ポスターはA1~4判のカラーで2種類。いずれも里親の元で幸せに暮らす保護犬の写真約100枚を並べ、「つなぐ命♡みんな家族」「犬を飼う第1選択肢を保護犬に!」などと呼びかけている。
保護犬の新しい飼い主らでつくる団体「保護犬のわんこ(保護わん)」(東京、巽祐一郎代表)がクラウドファンディング(CF)で資金を募り、全国に広めた。
活動はもともと県の犬猫殺処分ゼロ推進活動の一環。「保護わん」の企画・広報担当でもある一木麻実さんが、県内啓発グループ「いばらきのシッポの幸せの会」の活動として20年4月に企画し、県の補助を受けて独自のポスター(A4判、カラー)を作成した。この年に県内44市町村の教育委員会に説明し、計688の小中、特別支援学校に配り、子どもたちが目にする場所に掲示してもらった。
茨城県での活動が保護わんの交流サイト(SNS)で紹介されると、会員から「全国でもやるべきだ」との声が上がった。翌21年に団体が全国プロジェクトを立ち上げ、CFを開始。デザインを犬用に改め、掲載する保護犬の写真1枚につき4千円を集めるなどして資金を募った。完成したポスターは印刷できるようホームページに公開。全国にいる会員らが地元の教育委員会に働きかけ、学校での掲示を広めた。
全国展開のポスター掲示に初めに理解を示したのは茨城県の県教委。県立高96校にポスターが配られたのを皮切りに、東京都なども賛同し、茨城県発の啓発活動が瞬く間に全国に広まった。団体によると、8月20日現在で47都道府県461教委1万3563校で掲示されている。
私立校への紹介も始まり、県内では常磐大が協力。幼小中高大の一斉掲示は初めてという。
ただ民間団体のポスターを学校で掲示してもらうのは容易ではなかった。地域間で温度差があり、「前例がない」や「公のものでないから」「子どもが飼いたがるのは困る」などの理由で断られるケースがあった。
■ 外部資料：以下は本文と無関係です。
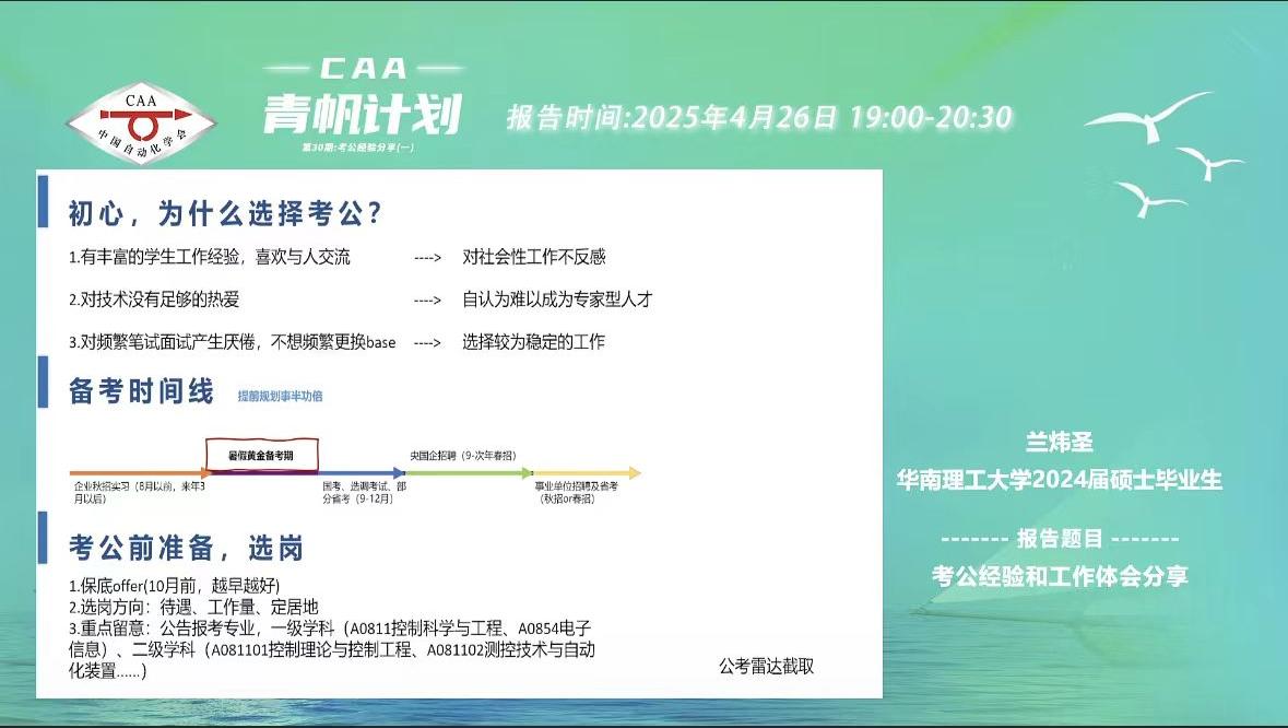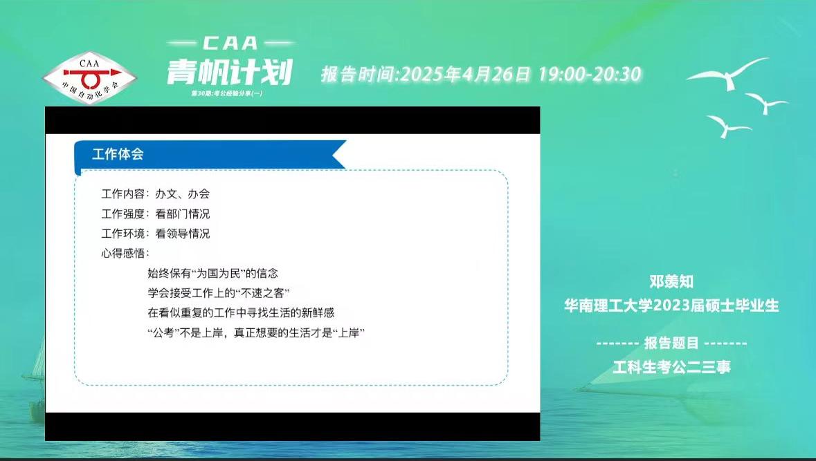 4月26日晚上19:00,由中国自动化学会主办,CAA华南理工大学学生分会和CAA中南大学学生分会联合承办的CAA青帆计划第30期“考公经验分享·第一期”在线上成功举办。本次活动吸引了众多CAA学生会员的积极参与,旨在通过分享嘉宾的宝贵经验,为有意向报考公务员的学生提供全面、实用的指导。

このため団体は国の「お墨付き」を得ようと奔走中。環境省の「後援」をもらって、さらに啓発活動に弾みをつけたい考えだ。
巽代表は「飼育放棄や多頭飼育崩壊といった現実をなくすためにも、子どもたちに保護犬のことを知ってほしい。ペット店で購入するという消費行動の裏にある事実を知ってもらいたい」と話している。